200g buckwheat flour (but you can use any type)
200g oats
1 tsp baking powder
A pinch of salt
1 heaped tbsp of cocoa/cocao (whatever you have)
150g unsalted butter, well chilled and cut into cubes
50g Hazelnut butter
150g maple syrup
1tsp Vanilla extract
writing icing


Rolling pin
Baking parchment lined baking tray
Cling film
Food professor
Biscuit cutter – or these could be cut into strips – they make amazing baby/toddler treats (minus the icing)
Oven is also required on 190°C . . . it’s a shame ours has broken! Ha!


- Pour the buckwheat flour, oats, baking powder, cocoa and a pinch of salt in a food processor and blitz until the mixture is slightly coarser than flour.
- Add both butters to the mixture, then pulse into breadcrumbs before tipping into a bowl.
- Add the maple syrup and vanilla extract before mixing together to form a dough (I used my fingers, you can use a wooden spoon if you’d rather).

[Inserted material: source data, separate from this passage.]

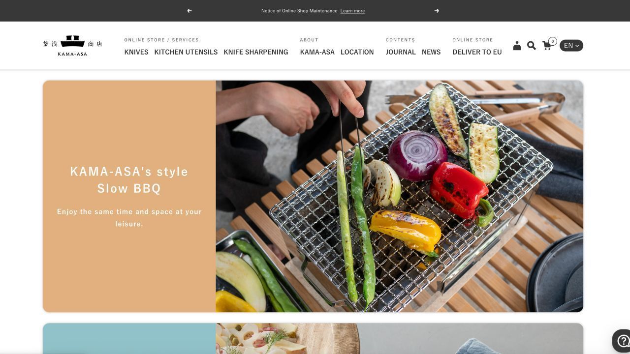 Founded in 1908, Kama-asa combines tradition with innovation, offering a wide range of knives and other professional-grade kitchen tools. Their focus on quality and usability has made them a go-to shop for chefs throughout Japan. The clean, modern shop layout provides a welcoming shopping experience, especially for first-time buyers.
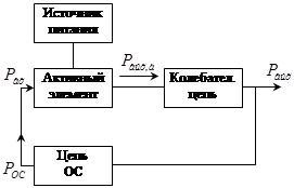 Любой автогенератор (АГ), можно представить как усилитель с обратной связью (ОС), упрощенная схема которого представлена на рисунке:
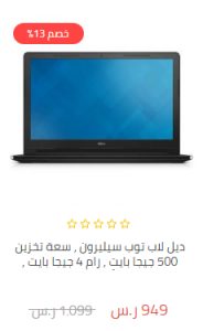 • لا تفوت الفرصة و سارع لشراء لابتوب بماركة ديل الشهيرة و الموثوقه و ديل لاب توب سيليرون باللون الاسود ملك الالوان و بدون نظام تشغيل و سعه القرص الصلب 500 جيجا بايت برقم موديل Inspiron 3573 و سرعة معالج 1.6 جيجاهرتز و معالج انتل سيليرون و رامات 4 جيجابايت ، السعر 949.00 ريال سعودى بدلا من 1099.00 ريال سعودى و خصم 13% .
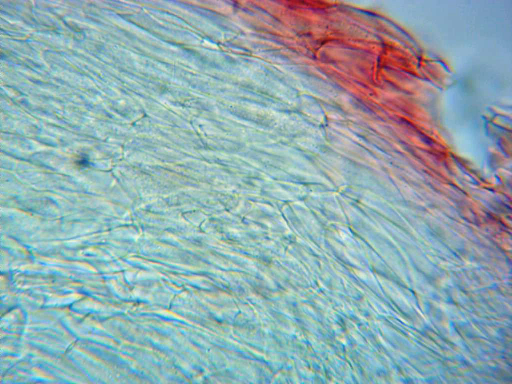 Pileipellis de Mycena con subpellis propia de la especie por sus hifas largas.
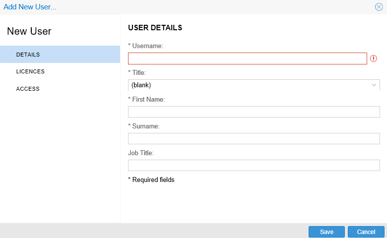 Click the Add User option which then generates the NEW User pop up screen.
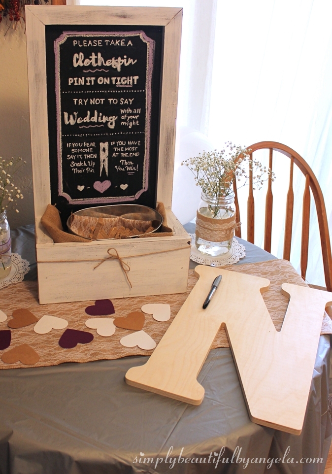As guests walked in they were greeted with a table that had a DIY chalkboard that explained the infamous clothespin game and a big initial where they could sign their well wishes to the bride.
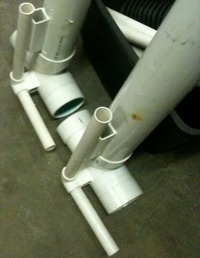 Trigger tube: Earlier Cuebox builds used flexible trigger tubing. The improved method uses rigid piping with smaller flexible connectors. The flexible tubing ran the risk of floating and airlocking. The rigid pipe is simpler and airlock proof. The small flex connectors are made of the same material as large Flout connectors. The durability of this material is well proven.
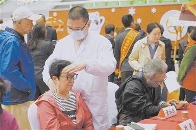 10月10日,2024年北京月壇街道重陽節(jié)為老服務(wù)市集活動(dòng)在月壇體育館舉行。北京中醫(yī)藥大學(xué)中醫(yī)學(xué)院的志愿者用自己所學(xué)的專業(yè)知識(shí)在市集上為老年人服務(wù)。圖為北京中醫(yī)藥大學(xué)中醫(yī)學(xué)院的志愿者在月壇體育館為老人服務(wù)。新華社記者 邢廣利攝
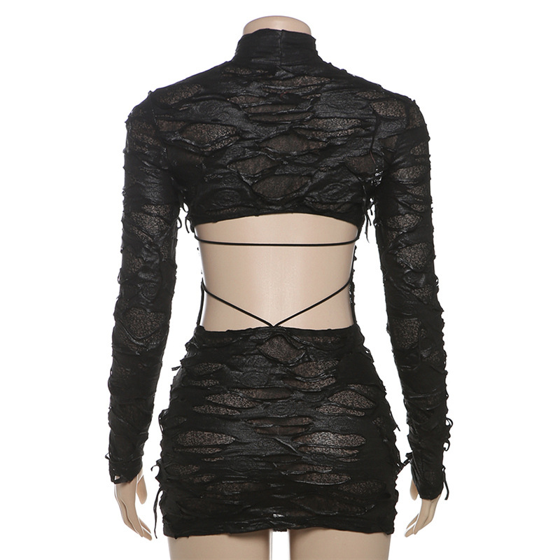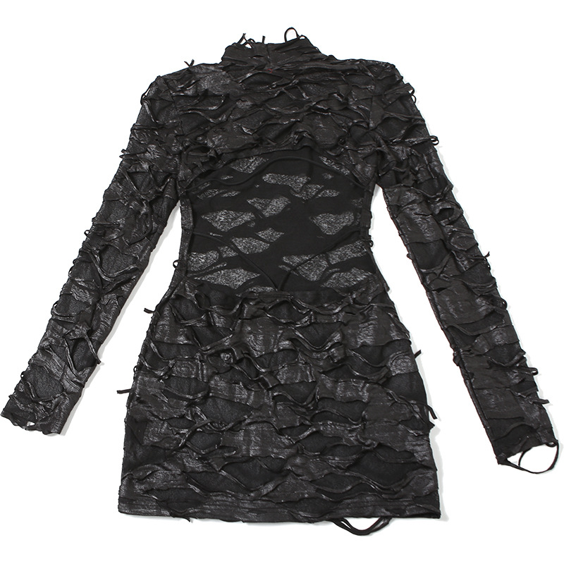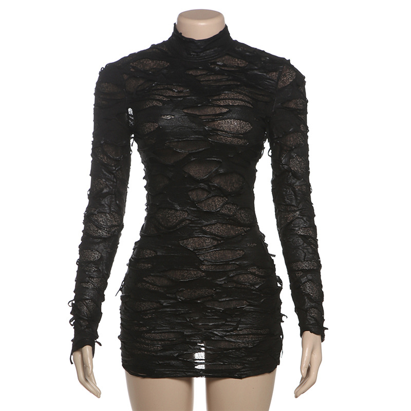 Half High Collar Long Sleeves Hollow Out Cutout-out Semi Transparent Design Hip Dress
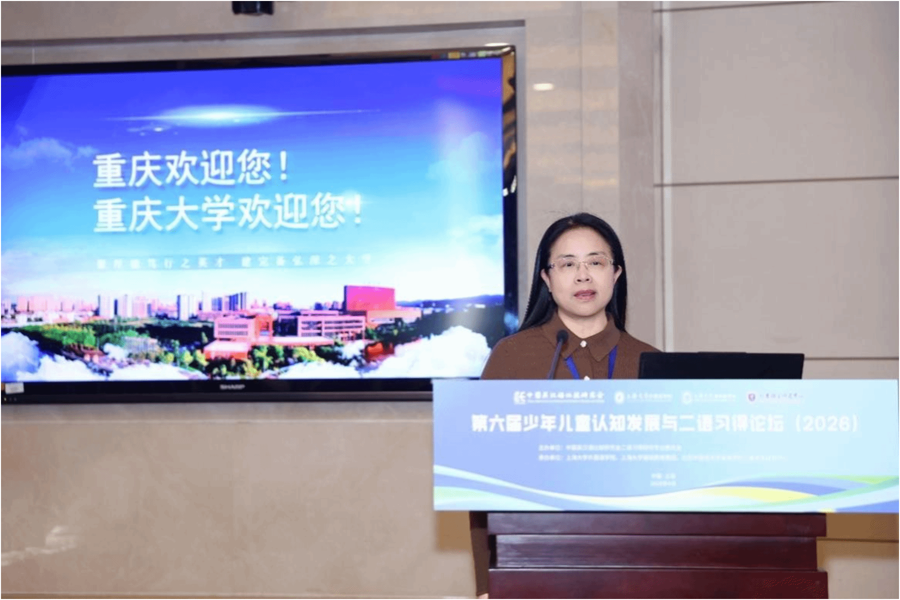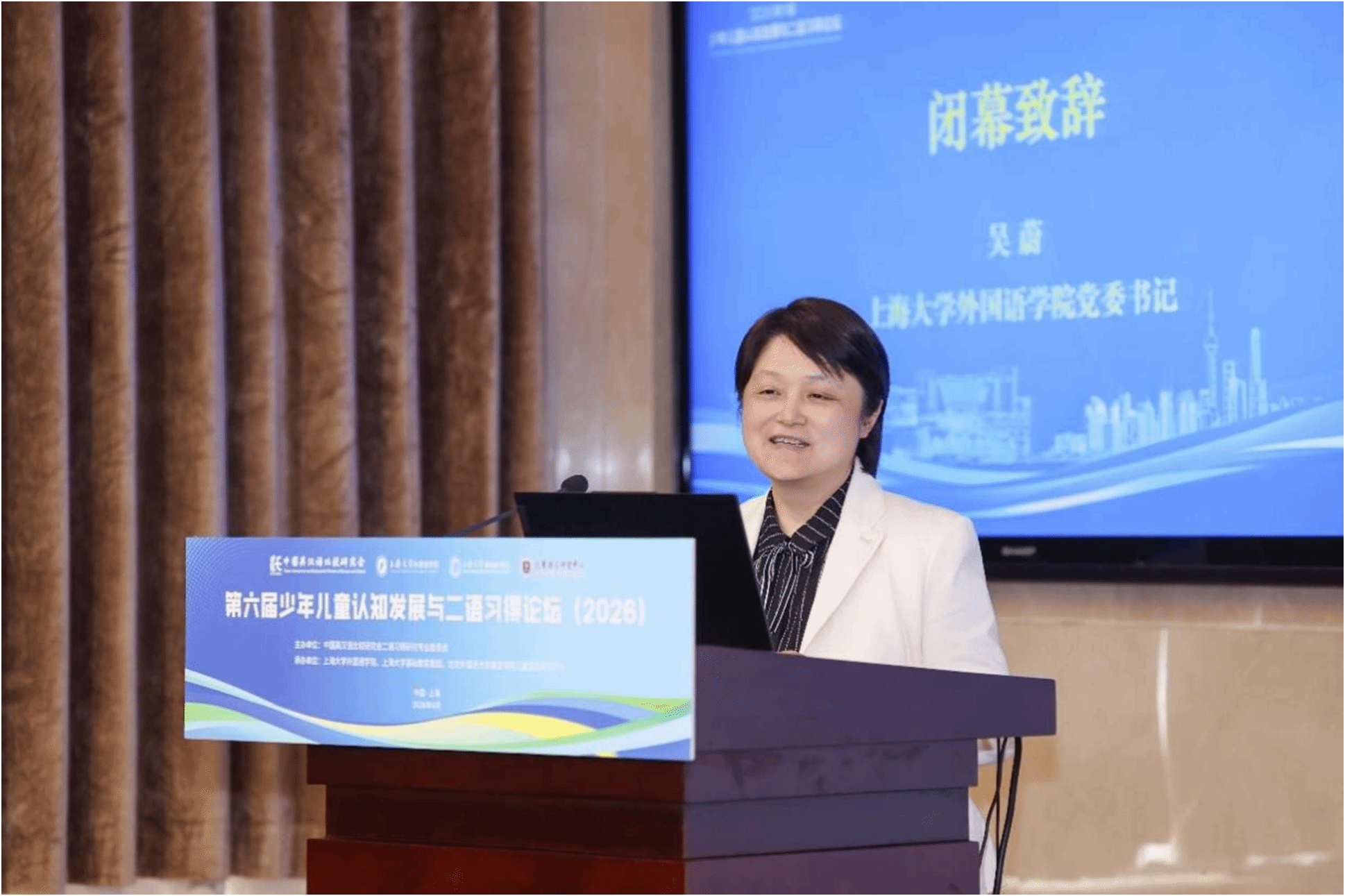 4月19日中午,论坛闭幕式在乐乎新楼学海厅举行,闭幕式由上海大学外国语学院院长尚新教授主持。下一届论坛承办方重庆大学外国语学院代表彭静教授发言,她热情欢迎各位专家学者2027年相聚山城重庆,共同参与“第七届少年儿童认知发展与二语习得论坛”,并介绍了论坛的大致考虑和初步安排。最后,上海大学外国语学院吴蔚书记代表承办单位致感谢辞,她对专家和参会学者表示衷心感谢,表示本次论坛取得圆满成功和专家们高水平的专业报告以及参会学者们的积极参与、无私分享和倾力付出密不可分。她指出,本次论坛聚焦儿童认知发展与二语习得的前沿议题,既有理论高度,又有实践深度,为我国少年儿童外语教育事业的发展注入了新的活力。
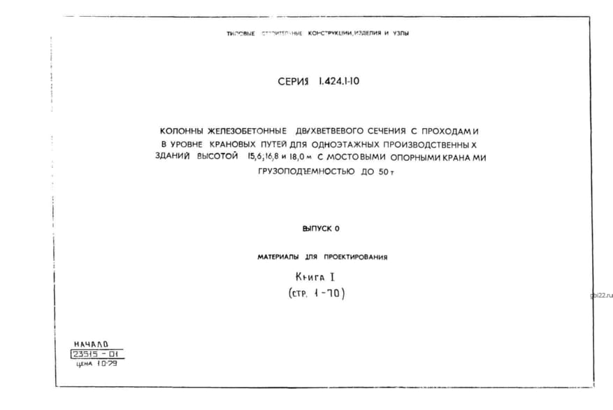 | Название стандарта | Колонны железобетонные двухветвевого сечения с проходами в уровне крановых путей для одноэтажных производственных зданий высотой 15,6; 16,8 и 18,0 м с мостовыми опорными кранами грузоподъемностью до 50 т. |
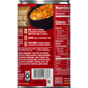Campbell’s® Chunky® Healthy Request® Old Fashioned Vegetable Beef Soup isn’t just tasty—it's made to work as hard as you do. With never-ending big flavors and bold ingredients, this canned soup is capable of fueling even the heartiest appetite. This ready-to-eat beef vegetable soup overflows with big pieces of tender lean beef along with hearty veggies like carrots, potatoes, celery, corn and peas. Each can has 15 grams of protein. It Fills You Up Right®. Just pop this ready-to-serve soup in a microwave-safe bowl, heat and enjoy with your favorite sides. Or, warm it over the campfire on your outdoor adventures. Whether you’re looking for quick and easy to microwave soup for home or something to take on the go, Campbell’s® has you covered. The soup can is recyclable for easy disposal. Take on the great outdoors with Campbell’s® Chunky® Healthy Request® Old Fashioned Vegetable Beef Soup—Soup That Eats Like a Meal®.
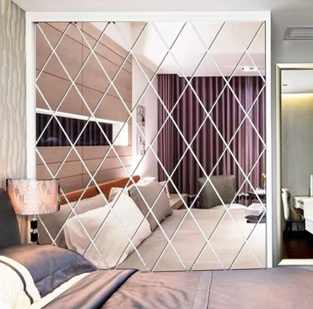 A dekoratív falitükör lapok elegáns tükörfal- vagy mozaikhatást hoznak létre. Könnyűek, egyszerűen felhelyezhetők és nem igényelnek szakembert – elég lehúzni a védőfóliát és felragasztani őket a tiszta, sima felületre. Kiválóak modern enteriőrök kialakításához, valamint a tér mélységének növeléséhez.
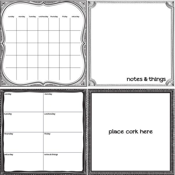 Get organised and look sharp with this chic black & white organisation kit. The timeless contrast of black and white lends a clean and stylish look to walls while also providing the perfect space to stay on top of a busy schedule. A dry-erase monthly calendar, weekly planner and message board are accompanied by a cork board to tack up memories, photos and more. The kit also includes 6 oversized pins to add your own photos, keepsakes and more to the wall. Each of the orgainser kit pieces are 13″ x 13″.
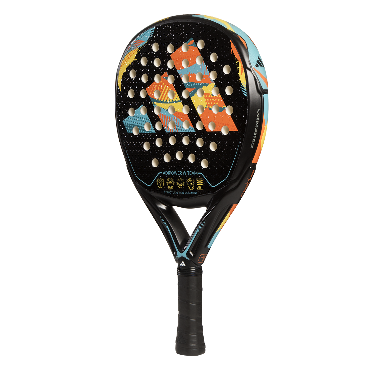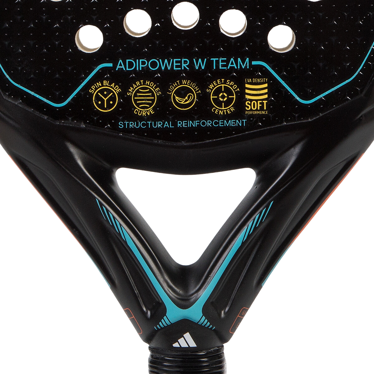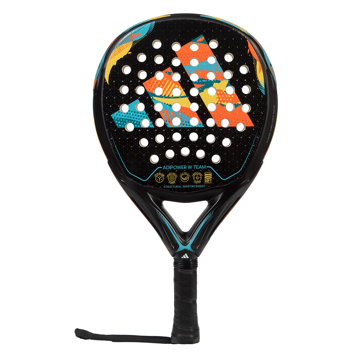 La ADIPOWER WOMAN TEAM reúne la superficie de FIBER GLASS con el interior de goma EVA SOFT PERFORMANCE. Con ellas, la pala nace con la capacidad de controlar al juego a la vez que asegura la mayor comodidad. Además, su salida de bola es muy interesante. La forma de la cabeza es redonda, con lo que gana en control y da un paso más en la garantía de confort. La tecnología DUAL EXOSKELETON en el marco de la pala, incrementa su rigidez y su predisposición a la potencia. Completa una pala tan sólida como manejable la tecnología SPIN BLADE, que abre la puerta a los mejores efectos.

- Wrap the dough in cling film and pop it in the fridge to firm up for an hour.
- Roll half the mixture out (the other half can go back in the fridge and kept chilled until you’re ready to use it) onto a floured surface and cut into your Halloween shapes and place onto a baking tray.
-Repeat with the second half of the dough.
- Place the biscuits in the oven for 15–20 minutes or until they’re golden brown and crisp.
-Remove the biscuits from the oven and pop them onto a wire rack to cool fully before garbing your writing icing and decorating them in any way you wish.